Aber sie kennen das ja. Palatschinken mit Vanilleeis, Schokosauße und Schlagobers (Cherrykirsche nicht vergessen) schmecken nur so lange ausgezeichnet, solange man sie nicht jeden Tag essen muss. Und weil ich vor kurzer Zeit beim Friseur war noch einen Freund hatte, der nicht so überragend war (rein größentechnisch versteht sich), habe ich die Schnauze voll von Ballerinas/Flip Flops/Sportschuhen/Sneakers/Slippers und allen ähnlich knapp besohlten Schuhen. Trotz allem bin ich schließlich auch nur ein Mädchen, was gleichzeitig auch den Besitz von über dreißig Paar Fußschmuck vermuten lässt. Und diesen kann ich nur bestätigen. Wahrscheinlich hat mich das gestern auf die glorreiche Idee gebracht, mal wieder die schwarzen Pumps auszugraben.
Beim Verlassen des Hauses hab ich mich noch gefühlt wie eine Venus, aus gleichnamiger Damenrasiererwerbung.
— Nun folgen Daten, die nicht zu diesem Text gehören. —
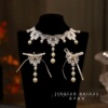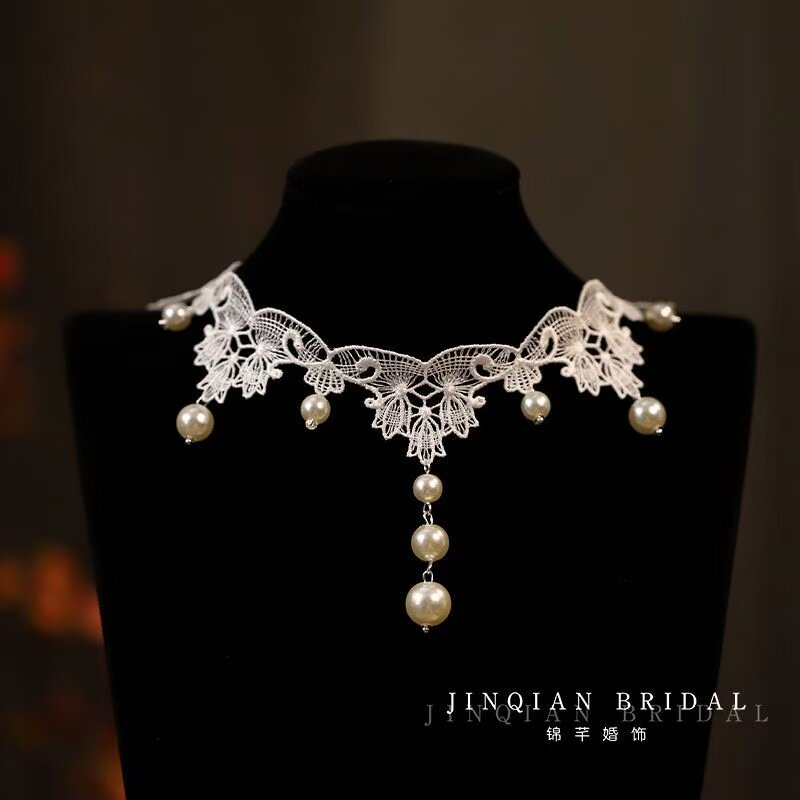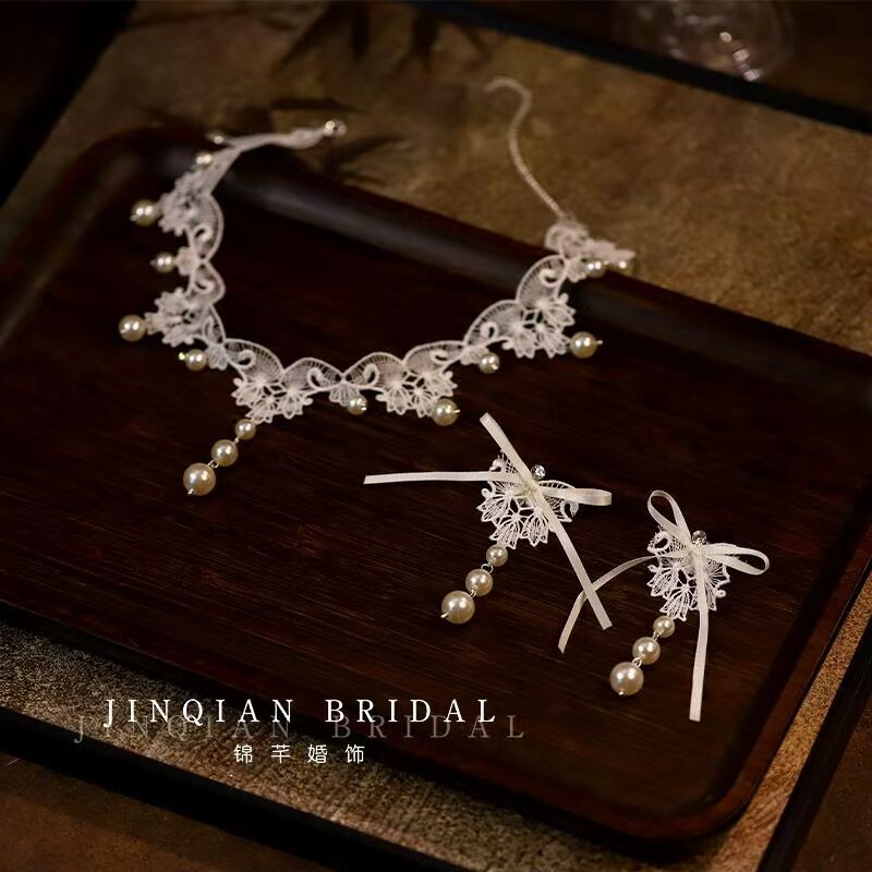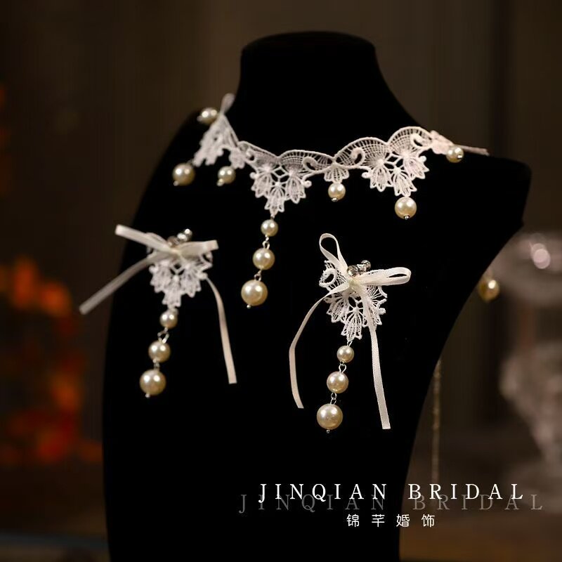 法式新款白色流苏蕾丝复古项链耳环套装新娘结婚纱礼服配饰锁骨链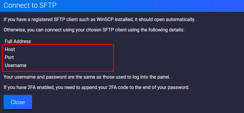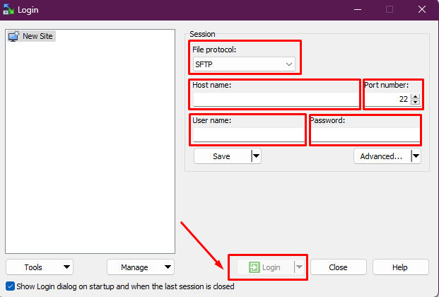 New Sessionbutton. Aloginwindow will appear. SelectSFTPas theFile protocol, then paste your credentials there (Host,Port,Username, andPassword) and click on theLoginbutton. The password you need to use is your game server panel password.
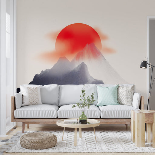 Teljes részletek megtekintéseFalfestmény tapéta stilizált hegy | Élénk vörös naplemente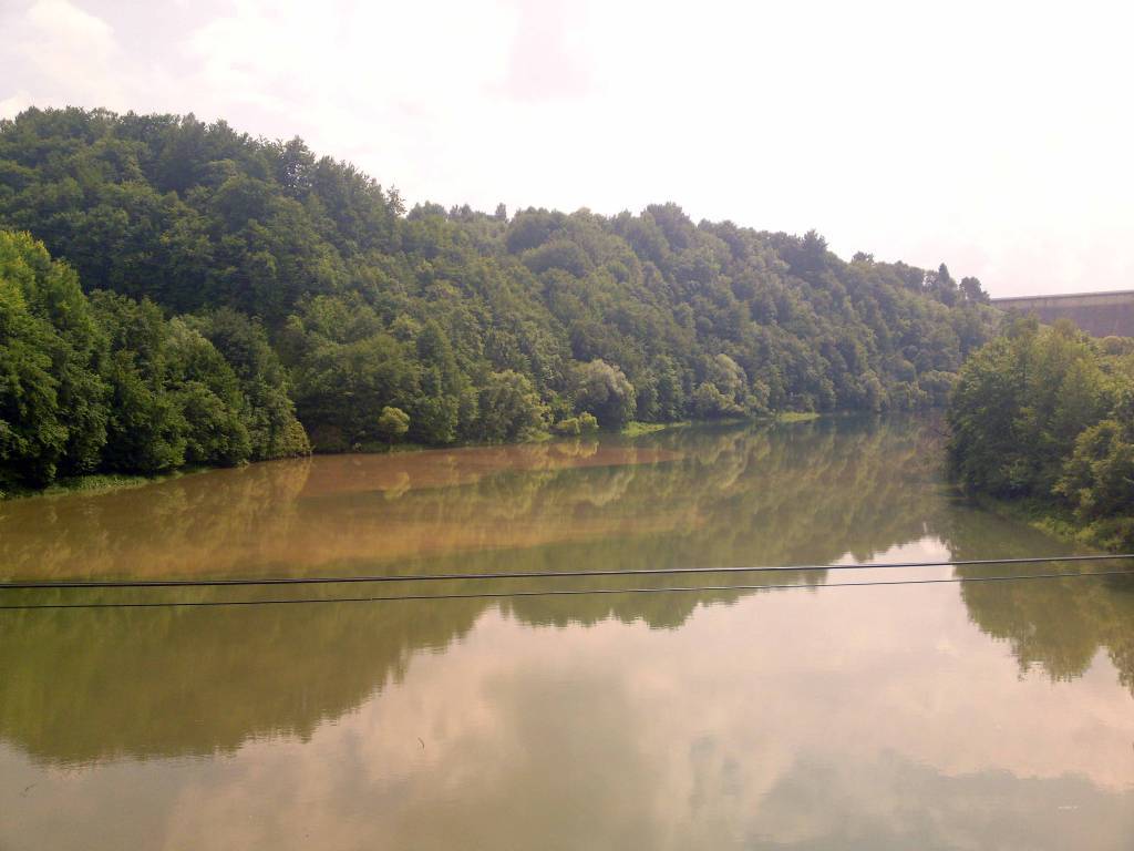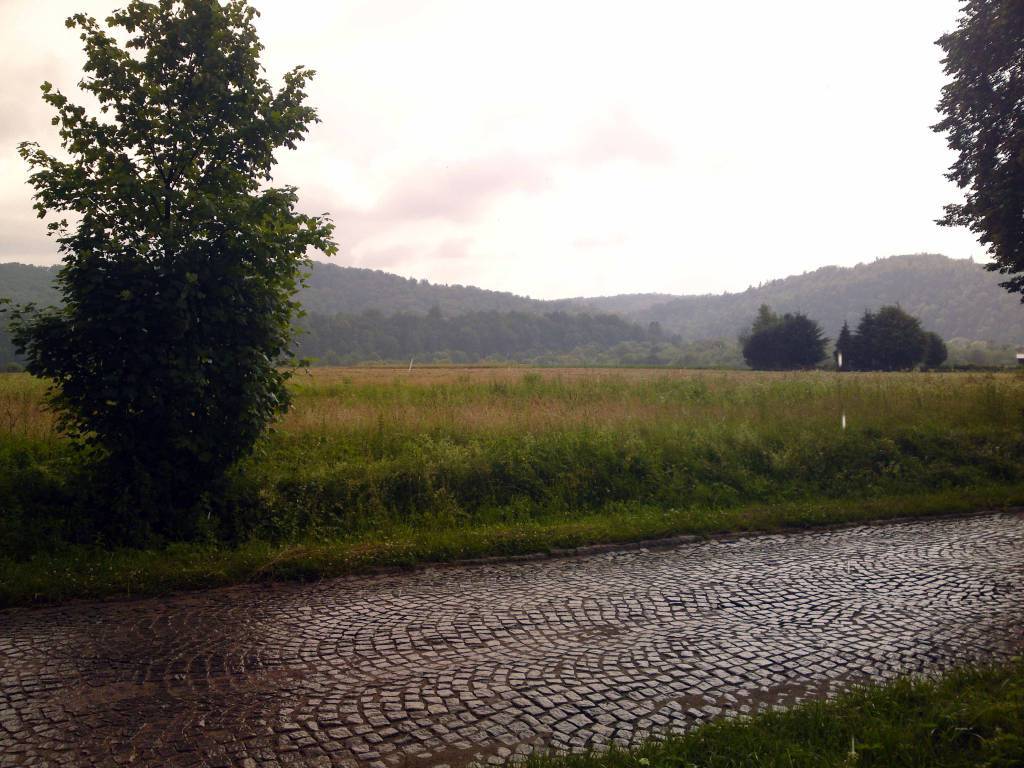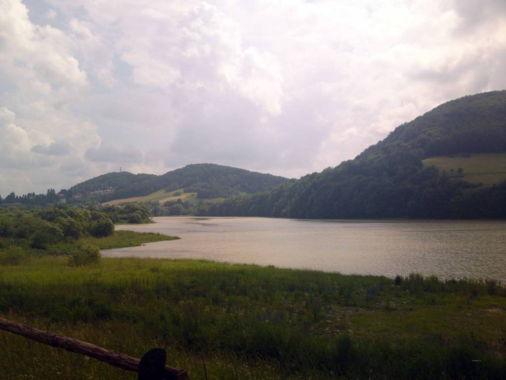 Około 14 zdejmuję rower z auta. Jest duszno i nie wykluczone ,że będzie padac deszcz. Mimo to ruszam na trasę . Dziś w stronę Soliny . Jadę wyznaczonym wcześniej śladem. Już wczoraj miałem okazje odczuć ,że Bieszczady to nie jakieś górki , ale góry dla wymagających. Okolice Soliny to tereny chyba bardzo często uczęszczane . Mimo ,że dziś poniedziałek na płatnych parkingach wiele osób . Ja jadę dalej w stronę Jeziora Myczkowskiego. W okolicach Myczkowce odnajduje punkt widokowy z przepięknym widokiem na przełom Sanu . Po drodze mijam także Centrum Kultury Ekumenicznej .Jadę jeszcze kilka kilometrów do cudownego źródełka . Tutaj zgodnie z wyznaczona trasą miałem wjechać na szutrową ścieżkę rowerową . Droga jest jednak tak błotnista ,że dość szybko wycofuję się z tego pomysłu. Widok burzowych chmur też przekonuje mnie do szybszego powrotu. Kilka kilometrów dalej dopada mnie rzęsisty deszcz . Zatrzymuje się chwile na przystanku autobusowym . Na tym przystanku zatrzymuję się tez jakaś młoda turystka . Chwilę rozmawiamy . Mimo nie ustającego deszczu zakładam kurtkę i ruszam dalej…….mokry docieram do celu…chrzest w Bieszczadach zaliczony.

Das Gefühl, das ich hatte, als ich nachts um halb zwölf, barfuß und im Slalom über den spärlich beleuchteten Trampelpfad, der zu meiner Wohnung führt, laufend (schwere Nacktschneckenplage in Wiens Kleingärten) hatte, kann und will ich hier nicht wiedergeben.
Nur soviel, wenn die Ballerinas der Schuhwelt die Palatschinken sind, derer man trotz allem irgendwann überdrüssig ist, dann sind meine Pumps das Hirn mit Ei, das man höchstens einmal im Jahr, ohne größere Folgeschäden zu erwarten, zu sich nehmen kann.